Authors:
(1) Clemencia Siro, University of Amsterdam, Amsterdam, The Netherlands;
(2) Mohammad Aliannejadi, University of Amsterdam, Amsterdam, The Netherlands;
(3) Maarten de Rijke, University of Amsterdam, Amsterdam, The Netherlands.
2 Methodology and 2.1 Experimental data and tasks
2.2 Automatic generation of diverse dialogue contexts
3 Results and Analysis and 3.1 Data statistics
3.2 RQ1: Effect of varying amount of dialogue context
3.3 RQ2: Effect of automatically generated dialogue context
6 Conclusion, Limitations, and Ethical Considerations
7 Acknowledgements and References
In this work, we investigated the impact of varying the dialogue context size and type on crowdsourced evaluation labels. In particular we crowdsourced evaluation labels for two aspects: relevance and usefulness. Our findings reveal that optimal context is dependent on the aspect under evaluation. For relevance annotators tend to agree more on a label when they have access to the whole dialogue context. However this does not hold for the usefulness aspect where we witness high annotator agreement when partial context is available. We show that a simple approach like providing an automatically generated user need through heuristics without revealing the entire dialogue can consistently increase annotator agreement across the two aspects. This implies that we can rely on automatic methods such as the use of LLMs to improve the productivity of the crowdworkers by reducing the amount of dialogue they have to read before evaluating the current response.
This study contributes towards how LLMs can be integrated in the annotation process to ensure quality labels from the crowdworkers. In this work we used GPT-4 API which is not open source. For future work we will explore the use of open-source LLMs, like Llama-chat (Touvron et al., 2023), to facilitate a more transparent and reproducible experimental framework.
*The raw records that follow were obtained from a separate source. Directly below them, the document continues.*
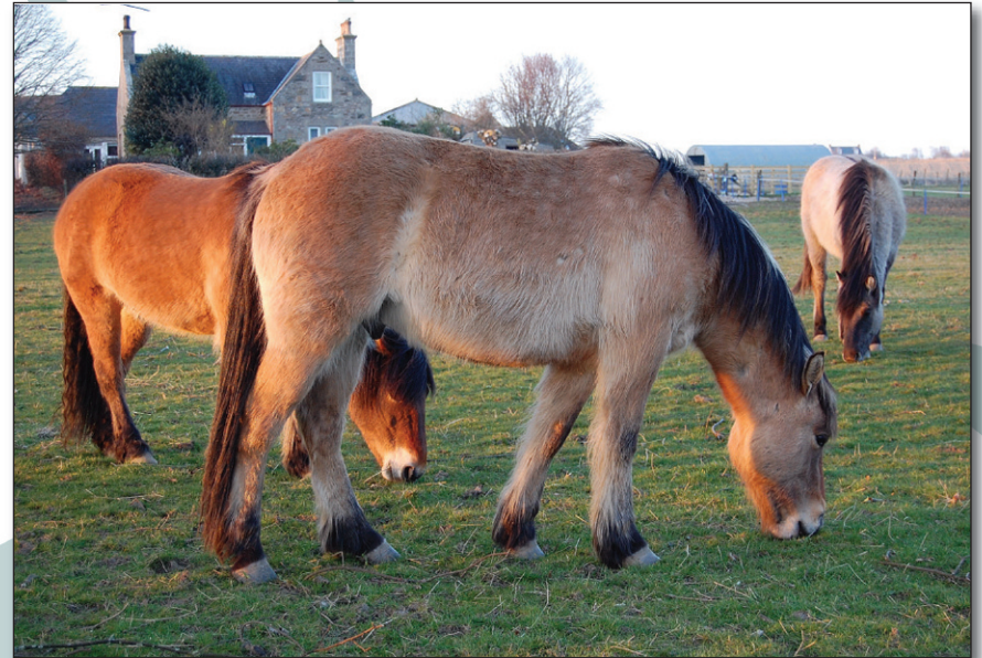
Three friends. Cairns Garlinebeg with Scaraben of Auchincrive behind and the handreared Cairns Guireaman to the right.
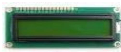
Fig. 3. Liquid Crystal Display for Displaying Readings

Liquid-Crystal Show (LCD), appeared in Fig. 3, may be a level- board show or other electronically tweaked optical gadget that employments the light-modulating properties of liquid crystals combined with polarizers. Fluid crystals don't transmit light specifically, instep employing a backdrop illumination or reflector to create pictures in color or monochrome. LCDs are accessible to show subjective pictures (as in a general-purpose computer show) or settled pictures with moo data substance, which can be shown or covered up, such as preset words, digits, and seven- fragment shows, as in a computerized clock. LCDs can either be
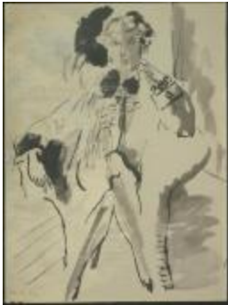
Women's Ensemble with Dark Collar and Matching Sleeve Cuffs (KA0038_000099)
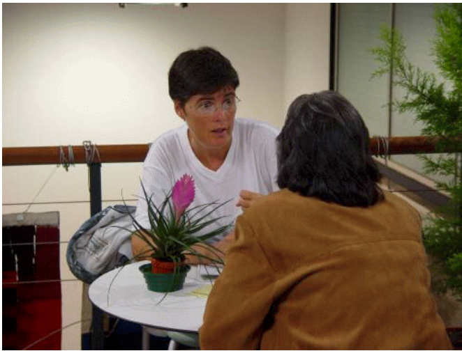
Doctors for health counseling.
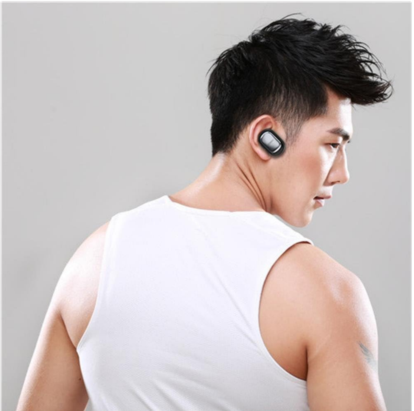
Image: A person wearing the JOWAY H21 Bluetooth Earphone in their right ear, demonstrating its discreet and comfortable fit.
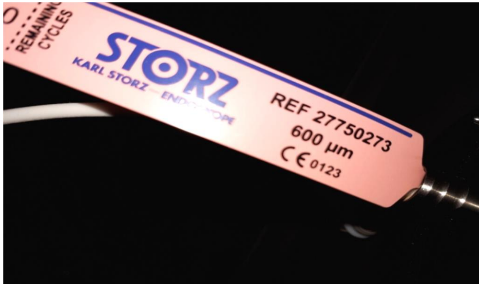
Figure(2): laser fiber sized 600 \mu m quartz end
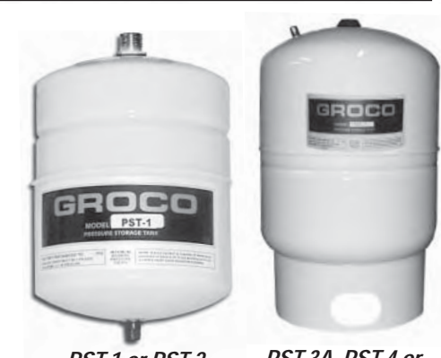
PST-1 or PST-2 PST-3A, PST-4 or PST-5

Check the PST air charge (with no water pressure present) at least monthly.
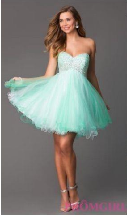
Modest shorter length
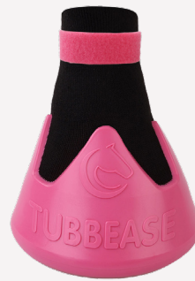
Pink - 110mm (4 1/2 inches)

In this work, we dived into the effect of task design on crowdsourced evaluation labels, specifically the amount and type of context available. Nonetheless our study faces some limitations: the absence of actual user ratings hinders us from claiming an optimal strategy for presenting previous dialogue history. Despite this limitation, we highlight the noteworthy observation of high label consistency in C7 for relevance and C3 for usefulness aspect, which served as our basis for comparison. It is crucial to note that our study is exploratory in nature and thus may be data or task specific. To ensure the applicability and generalizability of our findings, it is imperative to undertake further investigations to ascertain the extent to which these findings can be extrapolated across different tasks and datasets.
Annotator diversity
All participants in this research were master workers recruited exclusively from the United States through Amazon Mechanical Turk (MTurk). While this selection ensured a level of language proficiency and familiarity with the context, it is crucial to note that the findings of this study may not generalize universally due to the specific demographic representation. The restriction to U.S.-based annotators may introduce a limitation in terms of cultural diversity and global perspectives, influencing the external validity of the study.
Annotator bias
Despite the provision of detailed instructions and examples to annotators, potential biases may still arise during the evaluation process due to the diverse backgrounds of the annotators. Cultural biases may be more pronounced if annotators from different cultural backgrounds interpret movie preferences, relevance, or usefulness in divergent ways. Subjective biases may also be influenced by the diverse interpretations of guidelines, as individuals from different backgrounds may have distinct views on dimensions like “relevance” or “usefulness.”
To mitigate these potential biases, continuous monitoring and feedback mechanisms were incorporated into the study design. Additionally, the study refrained from disclosing the specific research angle to annotators to prevent potential biases related to the research objectives.
This research was supported by the Dreams Lab, a collaboration between Huawei Finland, the University of Amsterdam, and the Vrije Universiteit Amsterdam, by the Hybrid Intelligence Center, a 10-year program funded by the Dutch Ministry of Education, Culture and Science through the Netherlands Organisation for Scientific Research, https://hybrid-intelligence-centre.nl, by project LESSEN with project number NWA.1389.20.183 of the research program NWA ORC 2020/21, which is (partly) financed by the Dutch Research Council (NWO), and by the FINDHR (Fairness and Intersectional Non-Discrimination in Human Recommendation) project that received funding from the European Union’s Horizon Europe research and innovation program under grant agreement No 101070212.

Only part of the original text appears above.